# Gute Musikboxen für den PC



## moritz115 (22. April 2010)

Hallo,

ich hoffe ich schreibe hier im richtigen Teil des Forums. Aber ich denke mal "Hardware" ist dafür richtig.
Also es geht darum, dass ich bis jetzt nur die eingebauten Boxen meines Bildschirms nutze und jetzt auf richitge Boxen umstellen möchte, mit denen man sehr gut Musik hören kann. Also gute Tonqualität, guter Bass etc.
Leider kenne ich mich hiermit überhaupt nicht aus. Habe bisher nur eine einfache Musikanlage gehabt.
Meine Tonausgänge vom PC sind bass, surr-1, surr-2 und noch einen Anschluss, an dem momentan die Bildschirmboxen dran hängen.
Könnt ihr mir gute Boxen empfehlen? Wenn es geht unter 100€^^ Aber können auch teurere sein.
Am besten Bilder, Links o.ä

Vielen Dank im Vorraus und mfg
moritz115


----------



## Frezl (22. April 2010)

Ich kann dir die 2.1-Systeme von Logitech empfehlen.

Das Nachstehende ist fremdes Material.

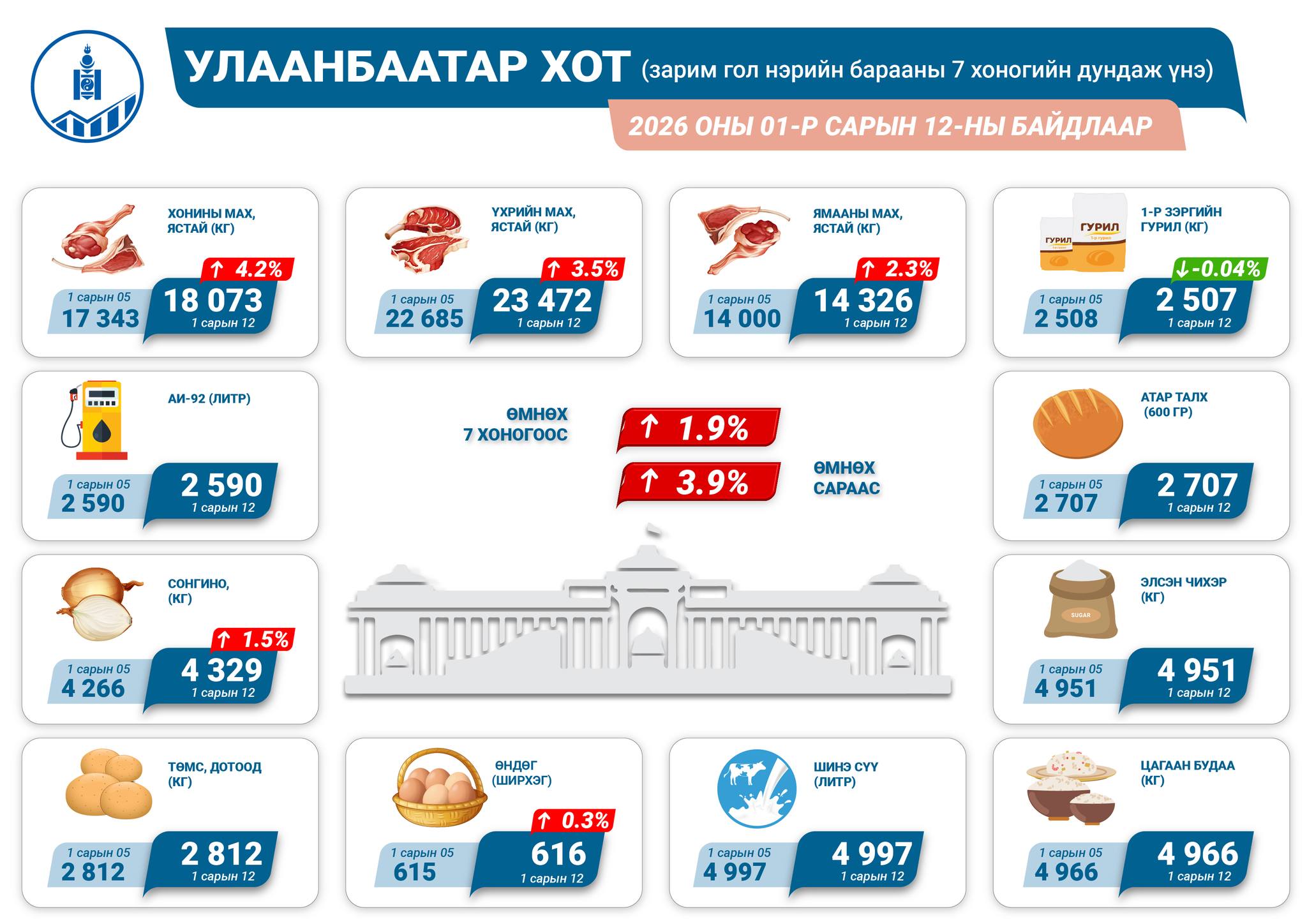 Улаанбаатар хотод 2026 оны 1 дүгээр сарын 12-ны байдлаар гол нэрийн зарим барааны үнэ өмнөх сараас 3.9 хувь, өмнөх 7 хоногоос 1.9 хувиар тус тус нэмэгдсэн байна.

Hier ein Beispiel: http://www.amazon.de/Logitech-210-2-1-Watt-PC-Lautsprecher-System/dp/B000B5O7ZI/ref=pd_cp_pc_3_img

Meine Freundin hat eins von Logitech (nicht genau das Modell, hab das richtige net gefunden) und ich find es für ein PC-System echt super!

Viele Grüße,
Frezl


----------



## Cromon (22. April 2010)

Ich hab ein 2.1 von Bose, das ist wirklich atemberaubend gut von der Qualität!

Dieses hier:
http://www.bose.de/DE/de/home-enter...utions/computer-speakers/companion5/index.jsp


----------